Pakistan's Corona Relief Tiger Force
- Formation: 29 March 2020; 6 years ago
- Dissolved: 10 April 2022; 4 years ago
- Type: Volunteer Force
- Purpose: Assisting Health Facilities in Corona-Affected Areas of Pakistan
- Headquarters: Islamabad, Pakistan
- Website: Tiger Force Website

= Corona Relief Tiger Force =

Defunct Pakistani volunteer organization

Pakistan Corona Relief Tiger Force was a volunteer task force aimed at providing health facilities in areas affected by the pandemic in Pakistan. Initiated by Pakistan's Prime Minister, Mr. Imran Khan, the force was established due to the shortage of staff in existing institutions, despite Pakistan's population being more than 60% youth who could contribute significantly.

The force was announced by Prime Minister Imran Khan on 27 March 2020, a month after Pakistan confirmed its first coronavirus case. Registration opened on 31 March 2020 through the Pakistan Citizens Portal and continued until 10 April 2020. Within two days of opening, the portal received applications from 90,000 volunteers, with the registration website recording 400,000 visitors in its first 50 minutes of launch. By early April, registrations had risen to over 739,000, and by later that year the number of registered volunteers exceeded one million, including 662,977 men, 19,178 women, and 534 individuals identifying as other genders.

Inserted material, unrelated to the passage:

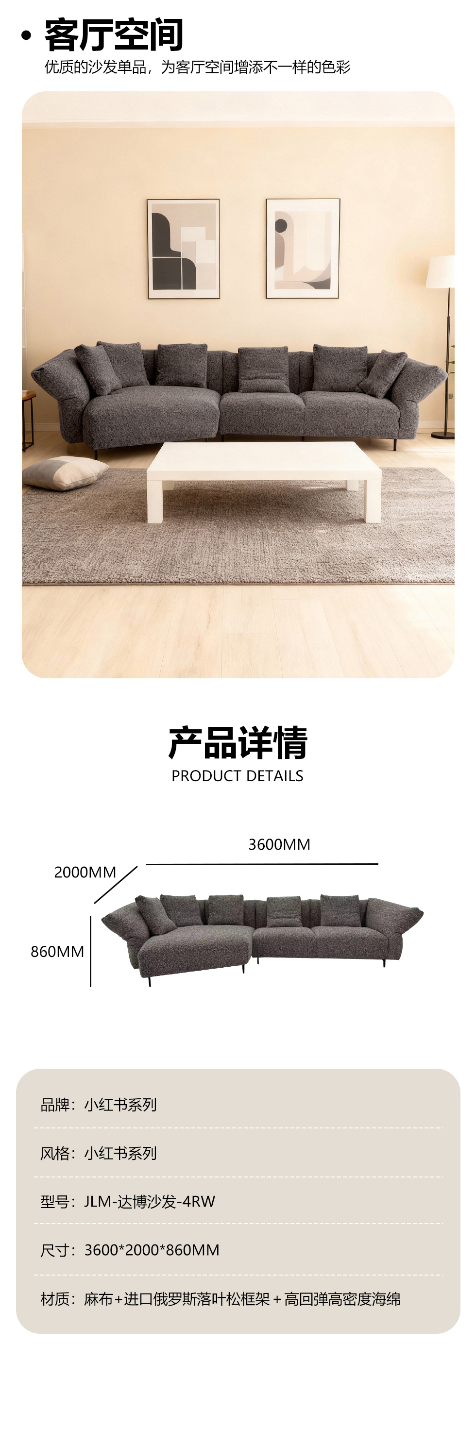 小红书系列 极简 麻布+进口俄罗斯落叶松框架:高回弹高密度海绵 3.6米沙发

Beginning its operations in Islamabad, the task force expanded its role as the spread of COVID-19 increased across other cities in Pakistan. Volunteers played a crucial role in supporting district administrations by implementing coronavirus standard operating procedures, such as social distancing measures in mosques and public spaces. Additionally, they distributed food and essential supplies to impoverished communities and ensured compliance with 'smart lockdowns' in coronavirus hotspots.

Of the volunteers who registered, approximately 17,000 had backgrounds directly or indirectly related to health services, including around 1,800 doctors, nurses, and other paramedical staff.

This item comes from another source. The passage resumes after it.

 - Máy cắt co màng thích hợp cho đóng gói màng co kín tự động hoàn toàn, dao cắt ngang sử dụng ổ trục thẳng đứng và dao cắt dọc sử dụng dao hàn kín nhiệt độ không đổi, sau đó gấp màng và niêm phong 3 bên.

Muhammad Usman Dar was appointed to oversee the governance of the task force. Beyond COVID-19-related tasks, volunteers assisted with registrations at the Ehsaas Web Portal, a government social welfare program, and monitored utility stores for hoarding and social distancing compliance. By mid-2020, the force's scope had expanded beyond pandemic relief to include participation in other government initiatives, such as a national tree plantation drive and waste management projects.

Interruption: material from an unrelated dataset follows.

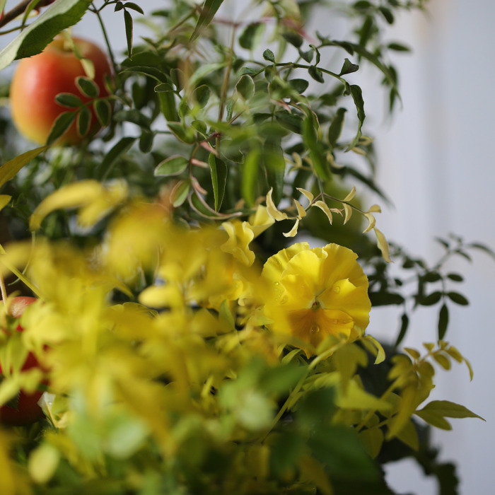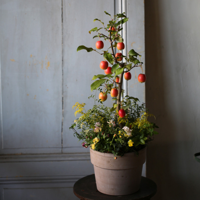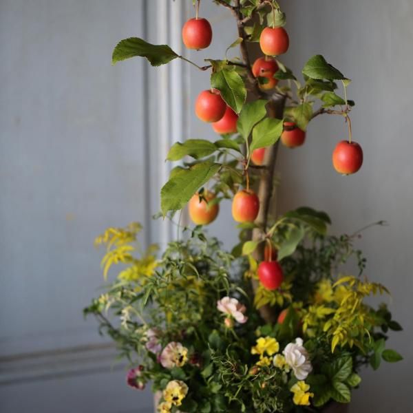 姫林檎(長寿紅)、ビオラ、ミニバラ、ハゴロモジャスミン他

The initiative received international media coverage, including a detailed feature in the United Kingdom's The Daily Telegraph, which described Pakistan's approach as an effort to mobilize its large youth population to compensate for an underfunded health system.

The Corona Relief Tiger Force faced criticism from journalists and opposition politicians. Some opposition figures accused the ruling Pakistan Tehreek-e-Insaf party of leveraging the country's youth population for political gain, particularly after the force's role was expanded beyond pandemic relief into unrelated government projects. Journalists also questioned the initiative's overall effectiveness in achieving its stated goals.